“In a freemium world, there’s far less sales involvement. The product does the majority of the selling.” — Jess Iandiorio (Drift)
It was some time ago that SaaS companies discovered that, by aligning engineering, marketing and data teams they had created a new channel for lead generation. Better yet, the channel was usually more effective than the established sales and marketing practices they had previously relied upon in terms of conversion.
The new channel was the product itself and the new leads it produced became known as Product Qualified Leads, or PQLs.
As Tomaz Tunguz observed at the time,
“PQLs are potential customers who have used a product and reached pre-defined triggers that signify a strong likelihood to become a paying customer.”
These qualified leads could be passed to the sales team, where they typically converted at 25–30%.
“The potential to leverage the a SaaS product’s freemium tier or trial period to identify high quality leads has never been greater.”
Fast forward to 2017 and the potential to leverage the a SaaS product’s freemium tier or trial period to identify high quality leads has never been greater, thanks to improved understanding data science and a suite of analytics and instrumentation packages that have shifted the needle definitively from build to buy.
As a product manager, it’s easy to get lost in vanity metrics and data points. But it’s clear to any product team working in B2B SaaS that the real ‘metric that matters’ for qualifying propensity to purchase AND propensity to churn is product adoption.
As Josh Elman recently reaffirmed, the only thing product teams really need to think about are:
You want to understand which users are more likely to come back than others. Those that are highly likely to come back are your core users. You want to have most of your new users converting to core in the first month
Once you can predict which users are core, you can start figuring out what things they did to increase the likelihood of being a core user. The best starting point is to calculate how likely someone is to return to your product in Month 2 based on how many days they visit in Month 1.
In fact, this ethos now forms the central axis of any high-performing SaaS outfit, aligning Product, Engineering, Customer Success and Growth teams around a central goal (happy, engaged users) underpinned by robust data that provides measurable outcomes.

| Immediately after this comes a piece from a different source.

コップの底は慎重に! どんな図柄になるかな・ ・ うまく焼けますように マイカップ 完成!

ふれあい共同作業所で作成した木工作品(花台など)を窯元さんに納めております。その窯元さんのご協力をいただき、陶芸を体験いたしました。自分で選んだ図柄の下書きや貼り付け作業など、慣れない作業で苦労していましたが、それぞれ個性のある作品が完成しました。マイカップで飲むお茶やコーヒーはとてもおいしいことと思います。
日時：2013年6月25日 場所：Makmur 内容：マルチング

Long standing principles of marketing, like the concept of ‘The Funnel’, have been irrevocably challenged by social media channels that make it easy for people to become advocates for a brand (like Instagram followers) without ever becoming a customer. Consumer engagement is no longer linear so new touch points have emerged to measure the path to purchase; almost all within the product itself.

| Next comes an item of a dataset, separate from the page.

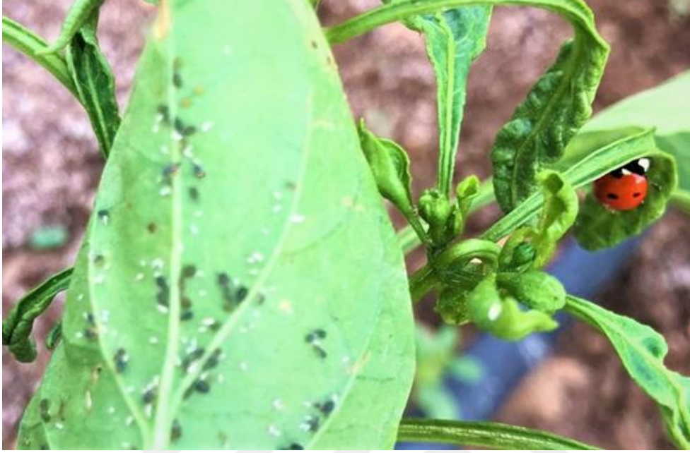
Şekil 4.3. Coccinellid ve yaprakbitinin biber yaprağındaki görünümü

Kaliforniya'da yapılan bir çalışmada Geocoris spp., Orius spp.'nin Bemisia tabaci ile beslendiği belirtilmektedir (Anonymous, 1984). Gavami(1991), 1990 ve 1991 yıllarında Çukurova'da pamuk tarlalarında yürüttüğü çalışmalarında, beyzsineğin popülasyonunun maksimuma ulaştığı dönemde en fazla rastlanan predatör türler olarak Deraeocoris pallens , Orius niger , O.minutus , Geocoris spp., Piocoris erythrocephalus , Nabis spp. ve C.carnea 'yı tespit etmiştir.

“Each company will have its own unique set of product engagement metrics which means the definition of a PQL will differ from product to product.”
Each company will have its own unique set of product engagement metrics which means the definition of a PQL will differ from product to product. What doesn’t change between them is that engagement strongly correlates to purchase propensity so sales teams can efficiently invest their time and energy communicating only with those that tip the scales in this regard.
In the B2B space in particular, there’s another vector that the product team can leverage to positively impact sales; one that precedes AND impacts engagement. Product design itself.
Amongst Sam Altman’s extraordinary trove of quotes and anecdotes is one that has become part of the Y Combinator creed:
“Until you’ve built a great product, almost nothing else matters.”
Simplicity, usability and elegance are not terms typically associated with enterprise software. But, as the sales environment evolves, so must the product.
Slack is the poster child for adopting consumer-grade design as its secret weapon for winning in B2B. Instead of focussing on selling their product, they focus on delivering value by obsessing over every interaction and ‘micro-moment’ of the product experience.
It’s well known that ‘helping is the new selling.’ Which is why delivering value, measured by product engagement, is the most powerful sales tool in SaaS.